**YOUR TASK:** Retype the entries below exactly, but begin at the line containing "Capete Freza Unghii" and end at the last line.

**RECORDS FOR THE EXERCISE:**
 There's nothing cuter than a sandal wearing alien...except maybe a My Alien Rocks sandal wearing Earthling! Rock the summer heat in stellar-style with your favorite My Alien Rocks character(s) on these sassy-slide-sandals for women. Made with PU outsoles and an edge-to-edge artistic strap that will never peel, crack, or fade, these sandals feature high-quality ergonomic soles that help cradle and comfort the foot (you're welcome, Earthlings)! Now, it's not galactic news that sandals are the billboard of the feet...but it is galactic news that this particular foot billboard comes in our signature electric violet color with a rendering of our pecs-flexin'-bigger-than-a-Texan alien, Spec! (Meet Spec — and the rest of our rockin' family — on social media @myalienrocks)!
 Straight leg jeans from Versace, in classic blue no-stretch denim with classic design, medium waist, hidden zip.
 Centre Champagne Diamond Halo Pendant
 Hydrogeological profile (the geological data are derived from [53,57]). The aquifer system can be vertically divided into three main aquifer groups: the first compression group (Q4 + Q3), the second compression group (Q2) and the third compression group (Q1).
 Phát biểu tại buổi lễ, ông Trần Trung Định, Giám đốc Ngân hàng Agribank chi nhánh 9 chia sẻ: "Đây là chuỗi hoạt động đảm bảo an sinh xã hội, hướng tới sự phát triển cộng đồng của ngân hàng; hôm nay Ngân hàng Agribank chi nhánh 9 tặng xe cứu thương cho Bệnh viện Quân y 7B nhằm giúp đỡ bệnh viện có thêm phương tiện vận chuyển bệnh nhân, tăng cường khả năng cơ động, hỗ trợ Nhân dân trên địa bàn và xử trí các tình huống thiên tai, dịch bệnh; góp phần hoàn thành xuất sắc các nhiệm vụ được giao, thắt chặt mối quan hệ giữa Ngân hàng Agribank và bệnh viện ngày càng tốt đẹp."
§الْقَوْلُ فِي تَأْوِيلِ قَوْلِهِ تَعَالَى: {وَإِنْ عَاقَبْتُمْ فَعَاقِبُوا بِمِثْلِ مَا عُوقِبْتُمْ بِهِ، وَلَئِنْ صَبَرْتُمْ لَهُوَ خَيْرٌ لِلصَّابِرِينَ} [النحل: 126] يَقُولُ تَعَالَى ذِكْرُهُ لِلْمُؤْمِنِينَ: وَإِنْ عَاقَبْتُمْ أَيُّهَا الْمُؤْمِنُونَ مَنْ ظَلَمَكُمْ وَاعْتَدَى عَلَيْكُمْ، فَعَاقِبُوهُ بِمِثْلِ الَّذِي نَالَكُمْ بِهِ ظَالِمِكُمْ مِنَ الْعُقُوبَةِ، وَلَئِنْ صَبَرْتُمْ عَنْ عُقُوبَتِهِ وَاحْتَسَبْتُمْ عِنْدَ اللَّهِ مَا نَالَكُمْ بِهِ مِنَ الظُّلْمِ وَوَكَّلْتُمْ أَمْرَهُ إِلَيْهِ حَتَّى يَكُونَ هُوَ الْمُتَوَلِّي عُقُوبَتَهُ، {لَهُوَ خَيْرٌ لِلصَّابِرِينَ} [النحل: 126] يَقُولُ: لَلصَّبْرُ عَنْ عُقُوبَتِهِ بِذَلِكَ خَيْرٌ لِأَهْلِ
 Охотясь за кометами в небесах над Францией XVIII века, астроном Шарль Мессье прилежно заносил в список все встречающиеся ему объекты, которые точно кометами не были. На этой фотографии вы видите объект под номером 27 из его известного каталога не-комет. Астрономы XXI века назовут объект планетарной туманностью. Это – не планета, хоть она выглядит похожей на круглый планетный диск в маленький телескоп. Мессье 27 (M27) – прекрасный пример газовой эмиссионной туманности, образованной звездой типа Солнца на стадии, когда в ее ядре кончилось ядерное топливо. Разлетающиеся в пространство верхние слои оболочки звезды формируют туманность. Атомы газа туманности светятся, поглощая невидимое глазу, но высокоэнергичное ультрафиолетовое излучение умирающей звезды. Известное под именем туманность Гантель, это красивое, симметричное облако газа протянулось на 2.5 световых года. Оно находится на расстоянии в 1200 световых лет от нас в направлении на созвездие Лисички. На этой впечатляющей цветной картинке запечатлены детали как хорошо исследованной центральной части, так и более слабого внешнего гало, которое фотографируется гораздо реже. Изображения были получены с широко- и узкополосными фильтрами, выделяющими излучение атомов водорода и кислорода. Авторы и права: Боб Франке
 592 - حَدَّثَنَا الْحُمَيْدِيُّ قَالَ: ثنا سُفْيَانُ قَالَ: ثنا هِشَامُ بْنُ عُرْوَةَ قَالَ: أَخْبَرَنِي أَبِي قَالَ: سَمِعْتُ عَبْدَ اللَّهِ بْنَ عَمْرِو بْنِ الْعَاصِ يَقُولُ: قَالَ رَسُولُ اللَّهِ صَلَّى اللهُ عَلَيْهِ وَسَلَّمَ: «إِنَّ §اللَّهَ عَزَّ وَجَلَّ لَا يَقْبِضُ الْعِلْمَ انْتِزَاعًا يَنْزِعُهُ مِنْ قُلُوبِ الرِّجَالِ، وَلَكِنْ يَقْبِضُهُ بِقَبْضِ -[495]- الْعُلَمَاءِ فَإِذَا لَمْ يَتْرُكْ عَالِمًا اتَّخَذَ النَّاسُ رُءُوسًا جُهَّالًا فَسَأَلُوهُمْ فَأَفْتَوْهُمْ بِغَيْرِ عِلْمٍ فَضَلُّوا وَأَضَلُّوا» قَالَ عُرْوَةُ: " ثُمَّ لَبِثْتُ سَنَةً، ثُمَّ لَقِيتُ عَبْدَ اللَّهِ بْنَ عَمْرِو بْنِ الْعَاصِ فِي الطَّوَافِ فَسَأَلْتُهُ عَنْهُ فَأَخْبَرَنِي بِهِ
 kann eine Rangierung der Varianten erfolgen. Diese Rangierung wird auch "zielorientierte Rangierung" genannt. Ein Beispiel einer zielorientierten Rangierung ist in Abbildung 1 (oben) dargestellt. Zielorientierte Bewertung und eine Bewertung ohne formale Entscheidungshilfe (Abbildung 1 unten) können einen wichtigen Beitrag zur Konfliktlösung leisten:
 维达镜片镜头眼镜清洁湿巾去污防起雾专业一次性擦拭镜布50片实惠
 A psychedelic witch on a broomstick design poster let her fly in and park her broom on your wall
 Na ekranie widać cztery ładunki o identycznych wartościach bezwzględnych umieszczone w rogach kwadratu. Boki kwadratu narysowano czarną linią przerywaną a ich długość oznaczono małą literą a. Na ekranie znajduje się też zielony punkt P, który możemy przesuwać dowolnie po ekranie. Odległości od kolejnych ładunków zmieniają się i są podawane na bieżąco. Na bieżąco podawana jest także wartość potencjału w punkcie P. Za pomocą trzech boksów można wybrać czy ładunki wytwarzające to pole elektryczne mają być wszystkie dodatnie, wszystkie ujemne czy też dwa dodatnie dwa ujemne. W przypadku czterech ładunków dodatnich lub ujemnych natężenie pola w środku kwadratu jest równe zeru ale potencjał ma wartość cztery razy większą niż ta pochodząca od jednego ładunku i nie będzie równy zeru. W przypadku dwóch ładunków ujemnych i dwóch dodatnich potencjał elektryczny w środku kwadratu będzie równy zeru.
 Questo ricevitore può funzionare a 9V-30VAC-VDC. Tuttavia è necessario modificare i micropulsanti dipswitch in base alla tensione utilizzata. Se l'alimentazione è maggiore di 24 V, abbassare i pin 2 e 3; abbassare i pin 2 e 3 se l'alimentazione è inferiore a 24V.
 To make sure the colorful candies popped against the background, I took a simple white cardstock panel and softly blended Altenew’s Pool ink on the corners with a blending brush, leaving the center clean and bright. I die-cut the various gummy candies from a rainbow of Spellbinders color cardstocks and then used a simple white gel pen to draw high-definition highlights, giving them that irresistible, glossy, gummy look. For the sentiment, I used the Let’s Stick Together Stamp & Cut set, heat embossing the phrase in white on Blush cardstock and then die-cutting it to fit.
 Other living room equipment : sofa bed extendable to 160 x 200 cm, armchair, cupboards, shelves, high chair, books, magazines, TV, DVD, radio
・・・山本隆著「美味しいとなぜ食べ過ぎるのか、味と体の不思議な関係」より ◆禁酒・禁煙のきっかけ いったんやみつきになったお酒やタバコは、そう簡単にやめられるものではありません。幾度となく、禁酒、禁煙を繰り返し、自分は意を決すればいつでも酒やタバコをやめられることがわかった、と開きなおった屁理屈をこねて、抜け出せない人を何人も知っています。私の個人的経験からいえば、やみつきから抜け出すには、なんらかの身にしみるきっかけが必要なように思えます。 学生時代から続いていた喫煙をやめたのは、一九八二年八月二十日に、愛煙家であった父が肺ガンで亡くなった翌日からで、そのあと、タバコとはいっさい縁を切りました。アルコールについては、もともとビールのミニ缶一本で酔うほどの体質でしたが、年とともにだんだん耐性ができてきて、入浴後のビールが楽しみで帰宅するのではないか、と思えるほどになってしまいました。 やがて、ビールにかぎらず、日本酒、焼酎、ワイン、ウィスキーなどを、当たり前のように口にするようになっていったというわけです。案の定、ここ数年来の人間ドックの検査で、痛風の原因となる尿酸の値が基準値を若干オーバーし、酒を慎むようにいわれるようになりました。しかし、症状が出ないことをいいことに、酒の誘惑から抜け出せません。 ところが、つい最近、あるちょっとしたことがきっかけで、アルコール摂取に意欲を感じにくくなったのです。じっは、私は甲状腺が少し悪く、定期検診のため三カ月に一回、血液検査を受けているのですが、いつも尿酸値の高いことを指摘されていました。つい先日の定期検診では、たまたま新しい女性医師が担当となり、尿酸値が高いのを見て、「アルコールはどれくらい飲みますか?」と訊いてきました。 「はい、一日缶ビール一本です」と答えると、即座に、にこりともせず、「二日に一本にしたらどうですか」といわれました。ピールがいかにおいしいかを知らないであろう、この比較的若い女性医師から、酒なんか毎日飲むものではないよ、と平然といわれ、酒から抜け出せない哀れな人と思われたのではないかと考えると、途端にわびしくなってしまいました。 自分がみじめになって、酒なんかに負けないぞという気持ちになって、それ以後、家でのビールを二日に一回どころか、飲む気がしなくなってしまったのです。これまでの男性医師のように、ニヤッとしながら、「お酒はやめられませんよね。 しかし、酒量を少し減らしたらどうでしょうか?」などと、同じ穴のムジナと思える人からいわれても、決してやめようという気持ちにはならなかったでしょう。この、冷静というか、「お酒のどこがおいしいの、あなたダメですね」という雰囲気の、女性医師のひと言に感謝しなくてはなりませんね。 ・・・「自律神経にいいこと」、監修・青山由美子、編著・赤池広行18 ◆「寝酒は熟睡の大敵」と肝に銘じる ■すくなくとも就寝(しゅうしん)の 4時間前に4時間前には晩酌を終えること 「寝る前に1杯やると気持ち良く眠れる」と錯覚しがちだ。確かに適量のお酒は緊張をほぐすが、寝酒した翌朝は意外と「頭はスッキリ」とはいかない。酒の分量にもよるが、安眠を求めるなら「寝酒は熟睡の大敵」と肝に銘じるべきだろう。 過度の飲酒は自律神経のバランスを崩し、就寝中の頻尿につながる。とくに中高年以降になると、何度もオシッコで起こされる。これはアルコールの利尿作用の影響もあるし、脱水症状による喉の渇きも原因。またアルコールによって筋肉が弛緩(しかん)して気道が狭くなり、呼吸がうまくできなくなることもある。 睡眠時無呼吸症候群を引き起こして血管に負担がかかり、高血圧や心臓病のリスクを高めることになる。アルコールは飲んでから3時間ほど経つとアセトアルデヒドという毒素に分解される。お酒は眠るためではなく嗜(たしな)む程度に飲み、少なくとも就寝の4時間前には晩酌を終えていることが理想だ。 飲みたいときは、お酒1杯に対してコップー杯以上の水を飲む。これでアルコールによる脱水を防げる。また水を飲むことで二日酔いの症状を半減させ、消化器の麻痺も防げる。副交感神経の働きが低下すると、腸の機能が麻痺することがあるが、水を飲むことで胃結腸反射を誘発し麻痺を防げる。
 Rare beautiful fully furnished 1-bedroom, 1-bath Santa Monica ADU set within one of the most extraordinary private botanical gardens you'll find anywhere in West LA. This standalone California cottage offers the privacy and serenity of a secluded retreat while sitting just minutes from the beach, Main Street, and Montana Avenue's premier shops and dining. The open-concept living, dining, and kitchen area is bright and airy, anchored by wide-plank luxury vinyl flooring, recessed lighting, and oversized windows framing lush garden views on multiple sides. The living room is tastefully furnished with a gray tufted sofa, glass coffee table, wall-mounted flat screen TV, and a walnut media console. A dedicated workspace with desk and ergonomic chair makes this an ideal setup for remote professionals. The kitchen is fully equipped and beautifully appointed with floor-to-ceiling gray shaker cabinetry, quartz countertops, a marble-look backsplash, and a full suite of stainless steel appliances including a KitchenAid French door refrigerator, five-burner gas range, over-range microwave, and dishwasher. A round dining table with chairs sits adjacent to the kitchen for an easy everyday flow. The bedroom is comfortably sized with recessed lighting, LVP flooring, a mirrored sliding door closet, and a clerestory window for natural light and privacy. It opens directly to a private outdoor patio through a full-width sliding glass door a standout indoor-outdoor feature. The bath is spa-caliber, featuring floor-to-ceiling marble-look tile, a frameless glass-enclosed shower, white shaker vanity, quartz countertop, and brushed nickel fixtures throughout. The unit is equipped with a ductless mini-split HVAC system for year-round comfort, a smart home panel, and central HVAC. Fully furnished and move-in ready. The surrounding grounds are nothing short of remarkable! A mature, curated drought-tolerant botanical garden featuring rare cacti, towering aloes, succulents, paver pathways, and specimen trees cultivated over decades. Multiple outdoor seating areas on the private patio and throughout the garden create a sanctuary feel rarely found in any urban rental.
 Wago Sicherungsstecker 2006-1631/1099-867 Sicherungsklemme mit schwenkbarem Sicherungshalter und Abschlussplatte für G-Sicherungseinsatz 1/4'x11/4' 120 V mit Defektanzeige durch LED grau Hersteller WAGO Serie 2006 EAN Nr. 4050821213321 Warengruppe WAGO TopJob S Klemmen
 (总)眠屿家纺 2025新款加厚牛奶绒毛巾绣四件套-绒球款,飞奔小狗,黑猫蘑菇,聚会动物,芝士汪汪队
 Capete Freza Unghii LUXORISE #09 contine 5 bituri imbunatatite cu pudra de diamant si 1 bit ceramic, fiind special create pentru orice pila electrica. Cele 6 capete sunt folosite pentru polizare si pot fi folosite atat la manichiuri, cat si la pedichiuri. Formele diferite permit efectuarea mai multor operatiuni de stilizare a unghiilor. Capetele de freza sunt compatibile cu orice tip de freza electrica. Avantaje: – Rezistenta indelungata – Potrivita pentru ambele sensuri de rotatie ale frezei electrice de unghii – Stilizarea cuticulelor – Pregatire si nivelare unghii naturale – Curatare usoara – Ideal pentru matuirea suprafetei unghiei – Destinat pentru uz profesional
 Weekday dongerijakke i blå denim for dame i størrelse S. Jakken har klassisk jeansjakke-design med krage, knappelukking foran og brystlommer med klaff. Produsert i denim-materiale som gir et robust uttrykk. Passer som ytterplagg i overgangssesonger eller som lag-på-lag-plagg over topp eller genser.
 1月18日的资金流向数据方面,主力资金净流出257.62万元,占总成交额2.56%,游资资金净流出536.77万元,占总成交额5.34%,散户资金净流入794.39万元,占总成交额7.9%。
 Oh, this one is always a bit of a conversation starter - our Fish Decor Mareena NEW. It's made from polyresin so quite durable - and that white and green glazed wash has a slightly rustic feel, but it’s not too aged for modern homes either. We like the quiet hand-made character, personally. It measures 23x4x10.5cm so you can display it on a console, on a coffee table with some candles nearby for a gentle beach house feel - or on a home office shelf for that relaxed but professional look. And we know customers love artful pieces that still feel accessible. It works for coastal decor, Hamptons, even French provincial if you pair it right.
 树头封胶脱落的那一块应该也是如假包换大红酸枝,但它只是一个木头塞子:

**FINAL ANSWER:**
 Capete Freza Unghii LUXORISE #09 contine 5 bituri imbunatatite cu pudra de diamant si 1 bit ceramic, fiind special create pentru orice pila electrica. Cele 6 capete sunt folosite pentru polizare si pot fi folosite atat la manichiuri, cat si la pedichiuri. Formele diferite permit efectuarea mai multor operatiuni de stilizare a unghiilor. Capetele de freza sunt compatibile cu orice tip de freza electrica. Avantaje: – Rezistenta indelungata – Potrivita pentru ambele sensuri de rotatie ale frezei electrice de unghii – Stilizarea cuticulelor – Pregatire si nivelare unghii naturale – Curatare usoara – Ideal pentru matuirea suprafetei unghiei – Destinat pentru uz profesional
 Weekday dongerijakke i blå denim for dame i størrelse S. Jakken har klassisk jeansjakke-design med krage, knappelukking foran og brystlommer med klaff. Produsert i denim-materiale som gir et robust uttrykk. Passer som ytterplagg i overgangssesonger eller som lag-på-lag-plagg over topp eller genser.
 1月18日的资金流向数据方面,主力资金净流出257.62万元,占总成交额2.56%,游资资金净流出536.77万元,占总成交额5.34%,散户资金净流入794.39万元,占总成交额7.9%。
 Oh, this one is always a bit of a conversation starter - our Fish Decor Mareena NEW. It's made from polyresin so quite durable - and that white and green glazed wash has a slightly rustic feel, but it’s not too aged for modern homes either. We like the quiet hand-made character, personally. It measures 23x4x10.5cm so you can display it on a console, on a coffee table with some candles nearby for a gentle beach house feel - or on a home office shelf for that relaxed but professional look. And we know customers love artful pieces that still feel accessible. It works for coastal decor, Hamptons, even French provincial if you pair it right.
 树头封胶脱落的那一块应该也是如假包换大红酸枝,但它只是一个木头塞子:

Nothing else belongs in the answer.